Watch those caustics though, full protective gear is mandatory, you need to go home safe.


----------



## GHP (Mar 22, 2015)

I would sand blast it and grind the corners with hand grinder, you don't want to risk this turning up like crap. Prep is 95% of a good floor job. I used to do 20k sqft floors and more. on my knees for days grinding all the corners and where the blaster couldnt get.


----------



## Boco (May 18, 2013)

I would grind it with vac attached . 1800 sq. You could be coating the same day Etching is easy but needs time to dry which could be a few days. Blasting is messy and can get expensive.


----------



## riskend (Jan 25, 2015)

Your market is so vast. 
How nice to have the luxury of clientele, prepared to pay the price of a proper job.
We are now wet-blasting profiles on precast structural members and who knows what half-assed coating protocols are going to be used for finishing.
Amend that, I'm trying to retire and I find I'm tied into a new lot of 10 year Government guarantees.
A resident comic in the factory nest said," You'll only be 70 if you go a bit faster."
Thanks mate.


----------



## BerkPearce (Feb 5, 2015)

You also need to grind it after power wash with surface cleaner to change the profile enough.


----------



## richmondpainting (Feb 24, 2012)

Grind it!!


----------



## pvtgloss (May 25, 2015)

I use a floor buffer with sanding pads. I've done 100's of thousands of square feet at a certain AUTOMOTIVE PLANT. Never had one fail, not once.


----------



## duomit (Jan 2, 2019)

*Concrete Grinding*

Only Concrete Grinding or Shotblasting will provide the necessary concrete profile. Power wash or acid not worth it.


----------



## Brushman4 (Oct 18, 2014)

Repeat after me, this is a necro thread, this a necro thread!


----------



## woodcoyote (Dec 30, 2012)

If the floor is really smooth (i.e. troweled very smooth) or if it has been polished then I would grind it. 

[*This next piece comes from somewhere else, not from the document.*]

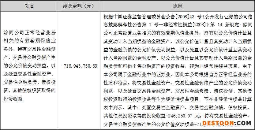 国元证券解释称,由于公司属于金融行业中的证券业,因此本公司根据自身正常经营业务的性质和特点,将交易性金融资产、交易性金融负债产生的公允价值变动损益,以及处置交易性金融资产、交易性金融负债、债权投资、其他债权投资取得的投资收益等作为经常性损益项目,不在非经常性损益计算表中列示。其中:处置交易性金融资产、交易性金融负债、债权投资、其他债权投资取得的投资收益-24.63万元,持有交易性金融资产、交易性金融负债等产生的公允价值变动损益-7.17亿元。
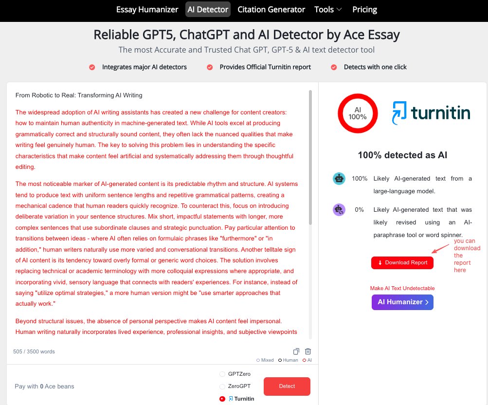Here is a picture of the aceessay.ai detector, where you can find a button of “Download Report” which enable you to get the true turnitin report.

If it's in good shape then I would do a 100% acid etching with muriatic acid. It's important when acid etching to not water it down, it's fairly inexpensive already so just buy whatever is necessary. 



Neuetralize with baking soda and water, followed by a good wash. Next day, broom/blow everything to make sure all residue is off, then coat it with what you want.


----------



## jennifertemple (Oct 30, 2011)

Brushman4 said:


> Repeat after me, this is a necro thread, this a necro thread!


This is a necro thread, this is a necro thread, this a necro thread! THANK YOU!!


----------



## RH (Sep 7, 2010)

jenniferwarms said:


> Hello. I have been thinking about hiring a professional company to put an epoxy coating on our garage floor. There are a handful of companies on the Internet. I am just wondering if anyone on here has hired a company and what your thoughts are?


Yes, it’s probably a could idea to hire a company to do the work. Most won’t want to do it for free.

Just so you know, this is a site for professional painters and associated trades to discuss various aspects of their profession - not for DIYers and other non-pros to solicite free advice. If you wish to receive answers to questions such as this, please go to our sister site DIYChatroom.com. Many of our pros from here hang out there and will likely be willing to assist.


----------



## mwendt (10 mo ago)

dare i say shot blast-


----------